_Work request:_ Once you find the line with "The contemporary flybridge" in the listing below, set down exactly every line from it through the line with "Een transparante, verfrissende", but no pictures.

_Provided information:_
□ □ □ □ □ □ □

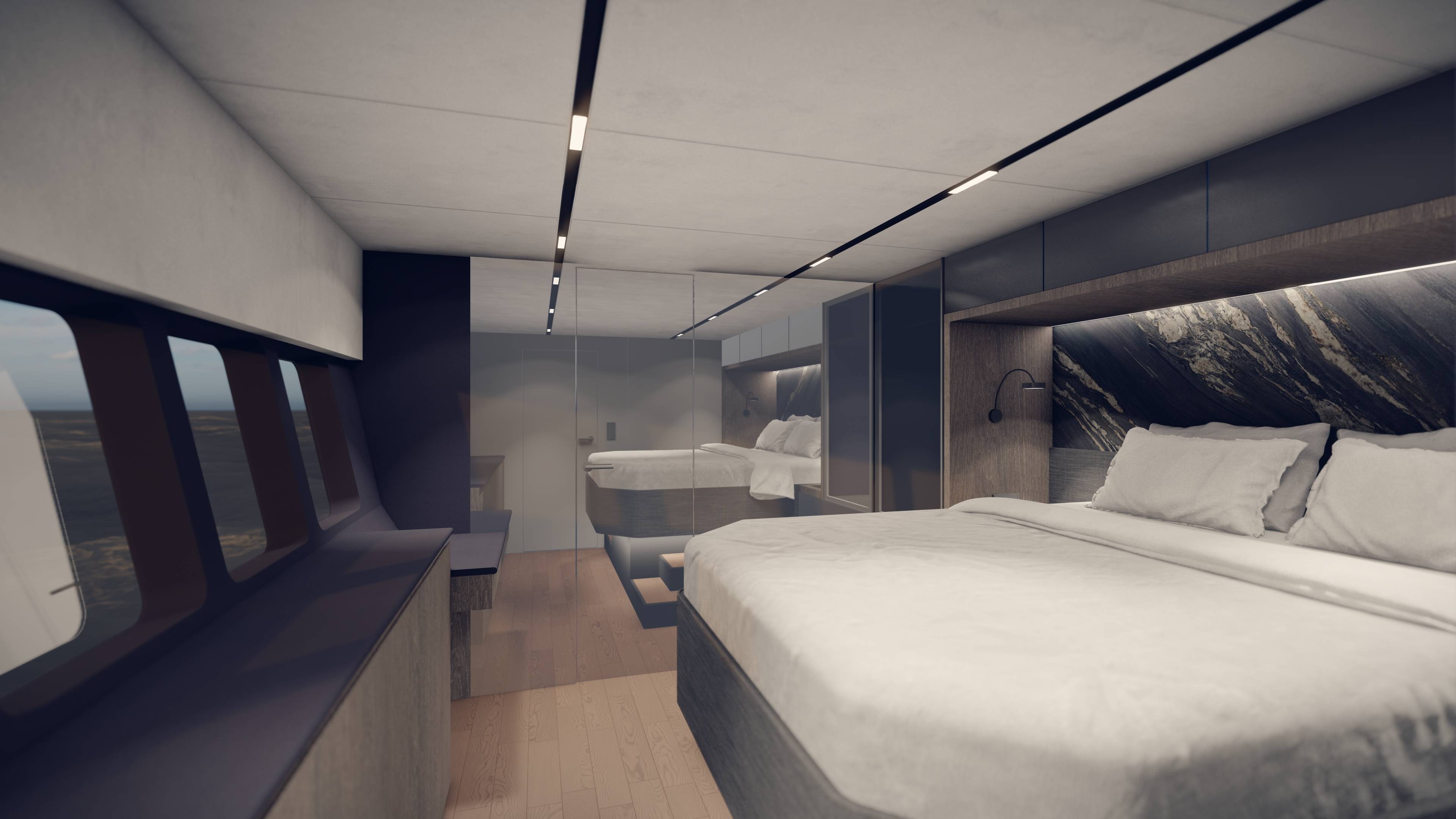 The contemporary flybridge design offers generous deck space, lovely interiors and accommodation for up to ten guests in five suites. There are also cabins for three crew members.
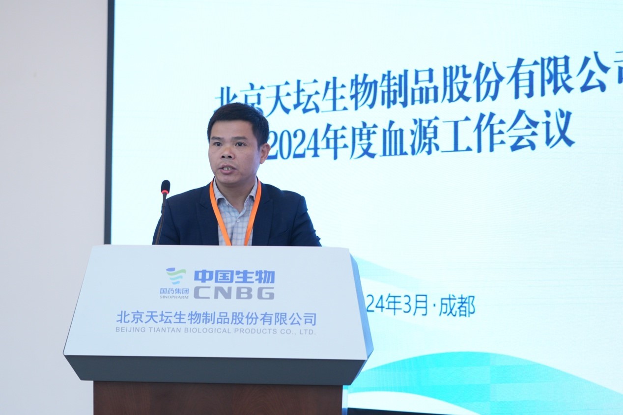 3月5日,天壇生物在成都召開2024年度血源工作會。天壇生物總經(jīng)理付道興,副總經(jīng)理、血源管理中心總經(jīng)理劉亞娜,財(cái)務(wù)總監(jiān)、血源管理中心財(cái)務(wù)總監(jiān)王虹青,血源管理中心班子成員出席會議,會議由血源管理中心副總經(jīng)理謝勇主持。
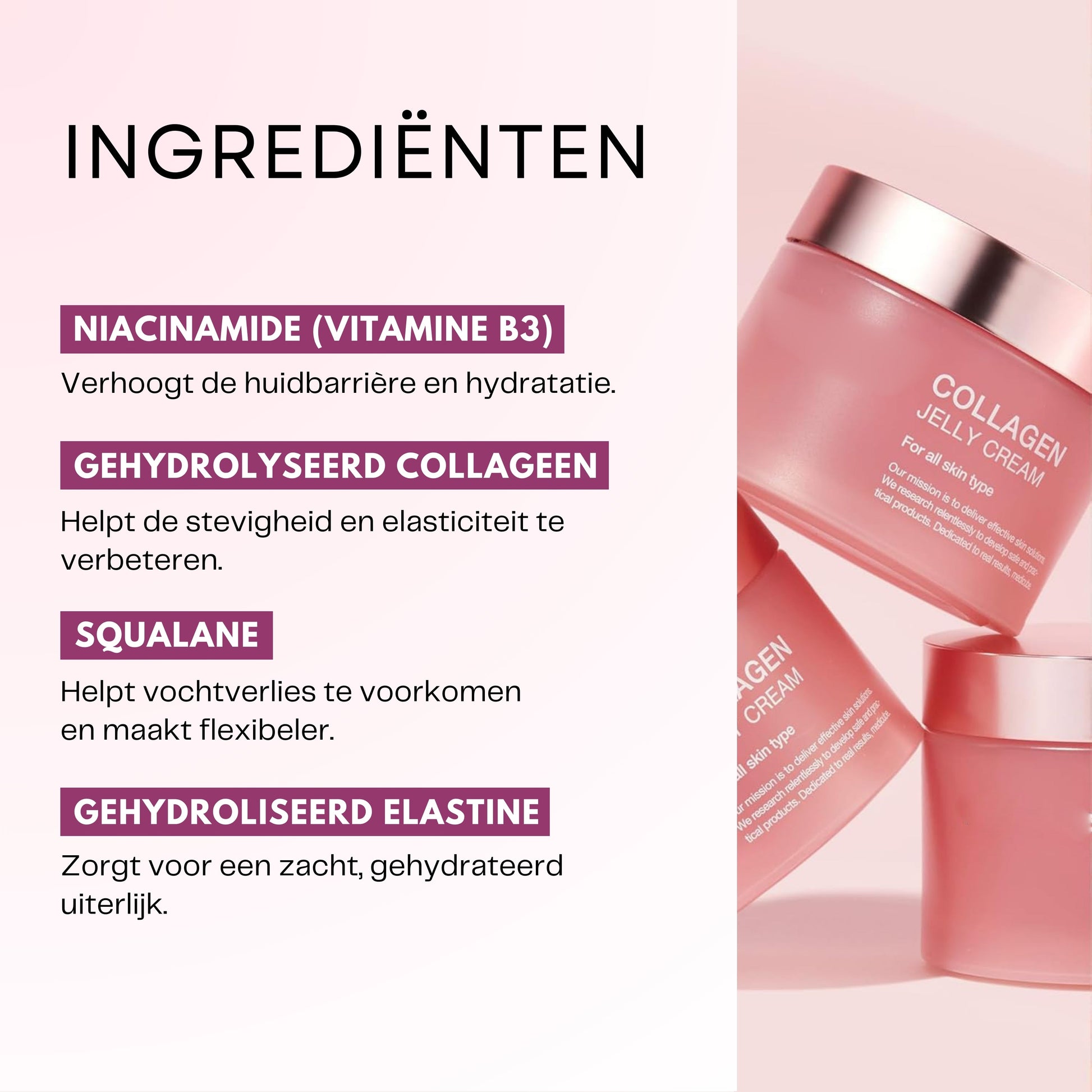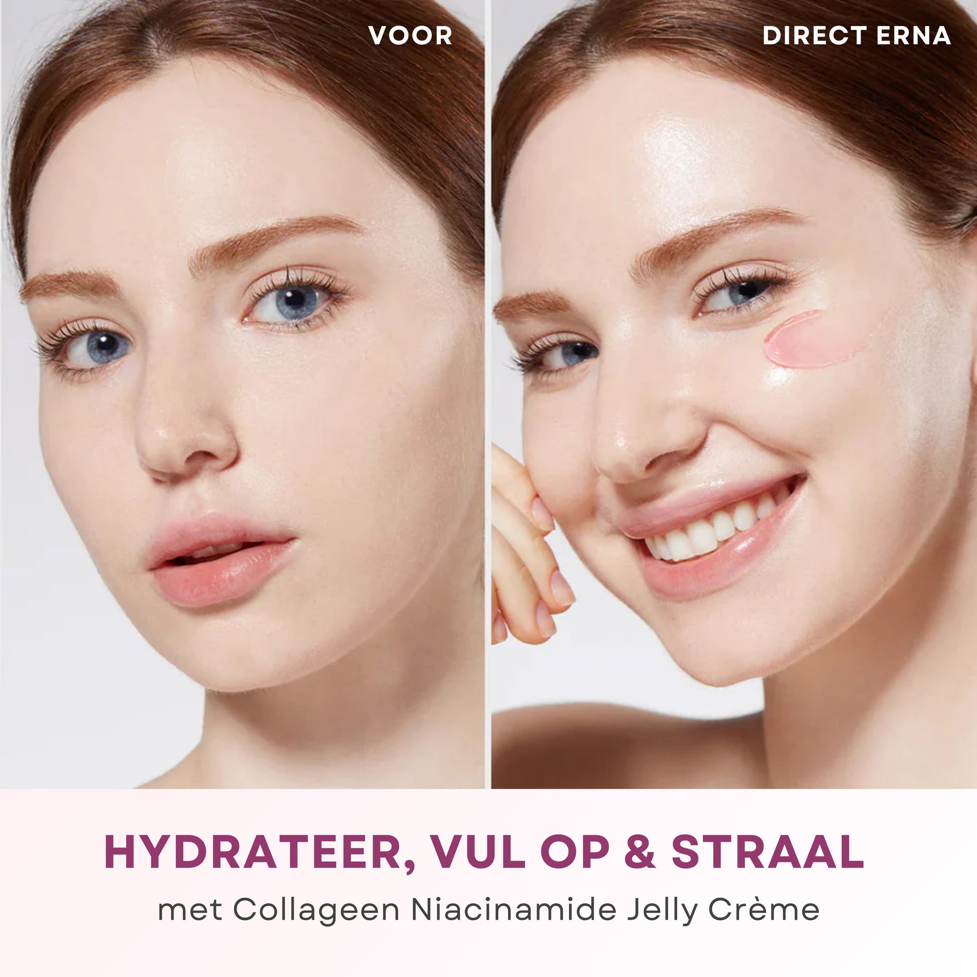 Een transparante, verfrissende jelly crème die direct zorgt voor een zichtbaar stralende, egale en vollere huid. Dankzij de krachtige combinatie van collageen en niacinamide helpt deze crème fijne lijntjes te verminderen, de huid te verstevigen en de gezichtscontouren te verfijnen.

□ □ □ □ □ □ □

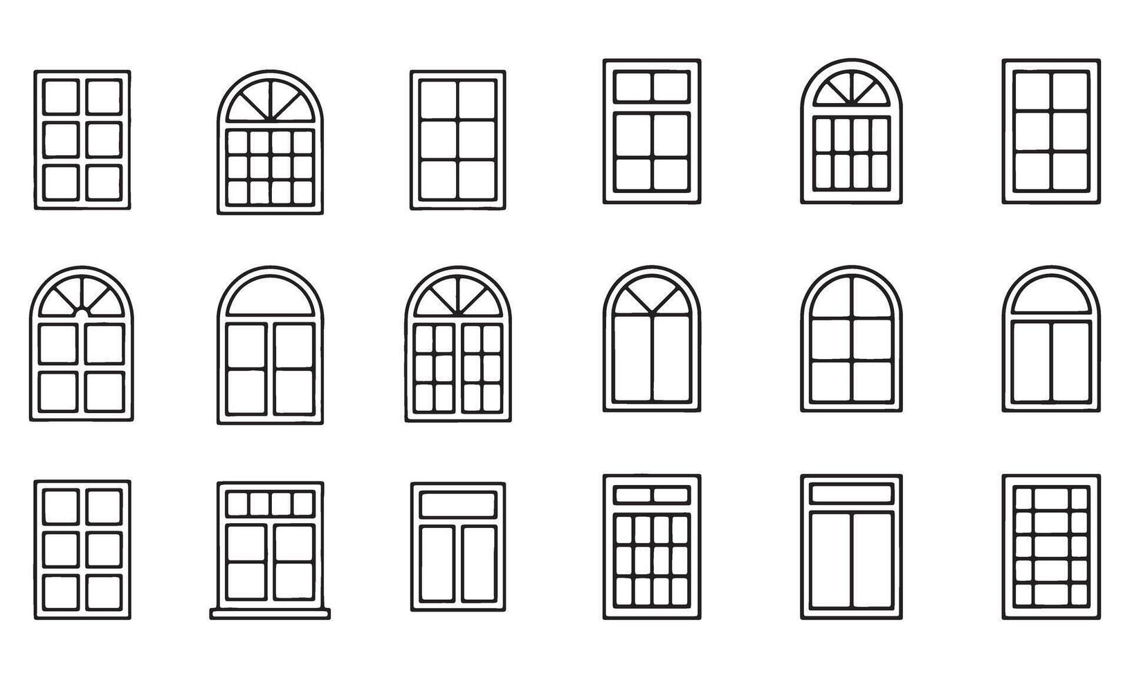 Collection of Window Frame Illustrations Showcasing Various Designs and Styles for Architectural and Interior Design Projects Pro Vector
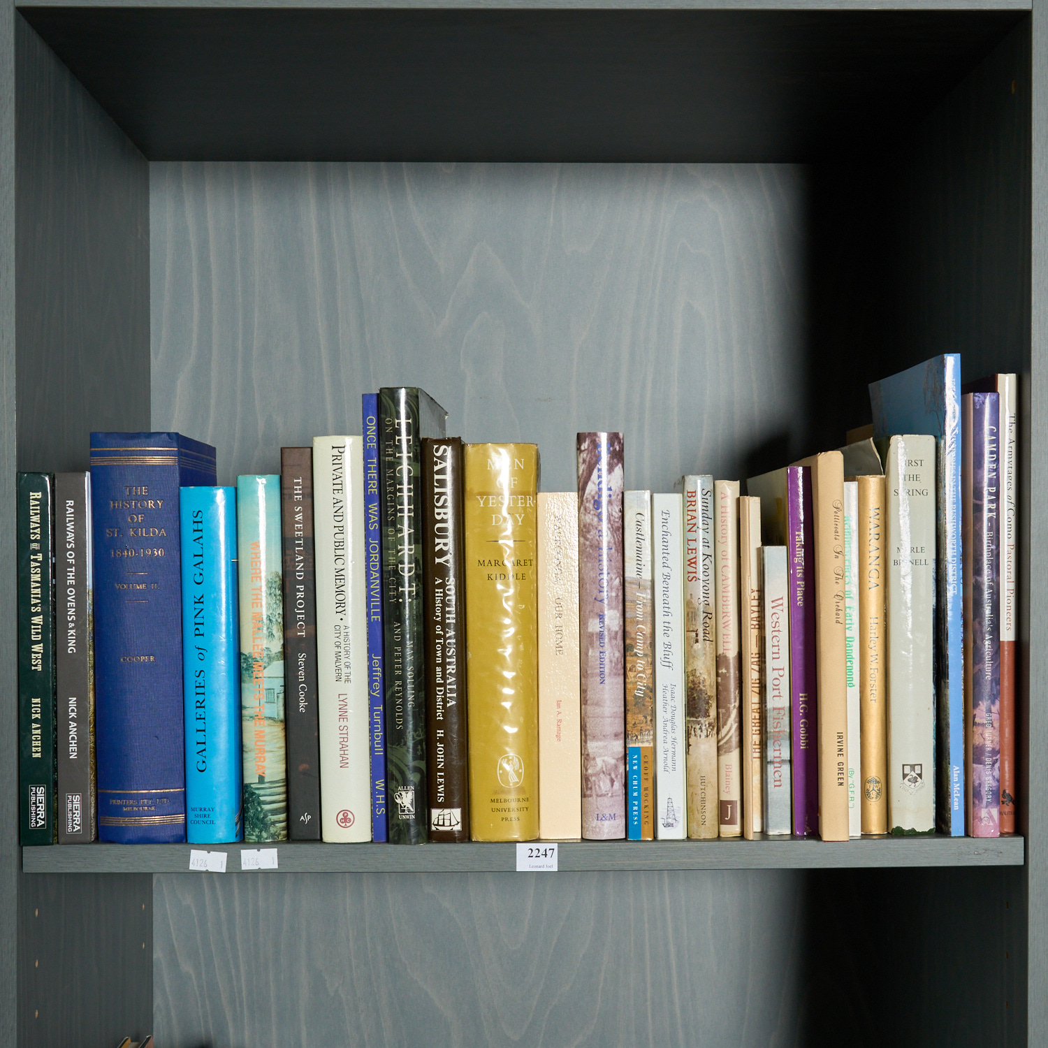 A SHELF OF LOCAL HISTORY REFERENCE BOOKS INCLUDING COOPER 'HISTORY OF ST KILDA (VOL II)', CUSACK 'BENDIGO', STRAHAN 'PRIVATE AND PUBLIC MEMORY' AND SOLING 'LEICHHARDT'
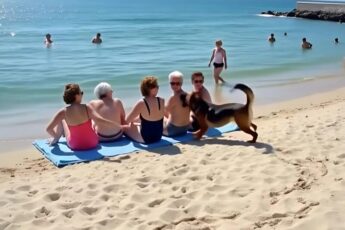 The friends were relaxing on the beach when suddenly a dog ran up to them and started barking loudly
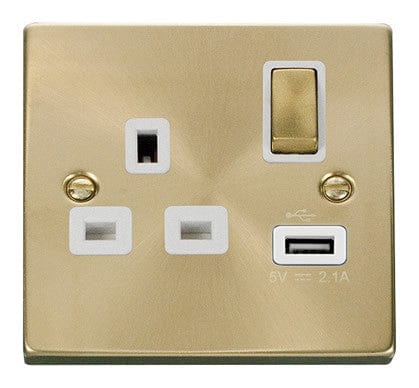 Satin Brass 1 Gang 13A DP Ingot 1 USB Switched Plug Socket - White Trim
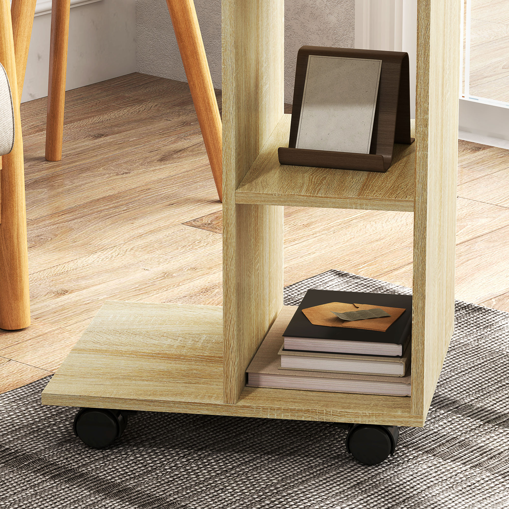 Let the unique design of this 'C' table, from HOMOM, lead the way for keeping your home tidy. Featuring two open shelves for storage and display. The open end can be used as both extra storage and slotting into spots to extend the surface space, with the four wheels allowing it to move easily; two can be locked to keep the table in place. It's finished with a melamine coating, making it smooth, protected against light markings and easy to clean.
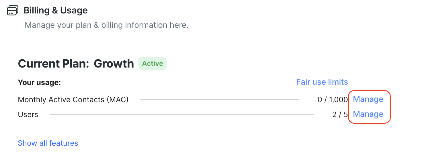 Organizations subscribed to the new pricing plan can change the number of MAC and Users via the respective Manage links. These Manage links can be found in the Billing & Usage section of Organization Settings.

□ □ □ □ □ □ □

_Exercise result:_
 The contemporary flybridge design offers generous deck space, lovely interiors and accommodation for up to ten guests in five suites. There are also cabins for three crew members.
 3月5日,天壇生物在成都召開2024年度血源工作會。天壇生物總經(jīng)理付道興,副總經(jīng)理、血源管理中心總經(jīng)理劉亞娜,財(cái)務(wù)總監(jiān)、血源管理中心財(cái)務(wù)總監(jiān)王虹青,血源管理中心班子成員出席會議,會議由血源管理中心副總經(jīng)理謝勇主持。
 Een transparante, verfrissende jelly crème die direct zorgt voor een zichtbaar stralende, egale en vollere huid. Dankzij de krachtige combinatie van collageen en niacinamide helpt deze crème fijne lijntjes te verminderen, de huid te verstevigen en de gezichtscontouren te verfijnen.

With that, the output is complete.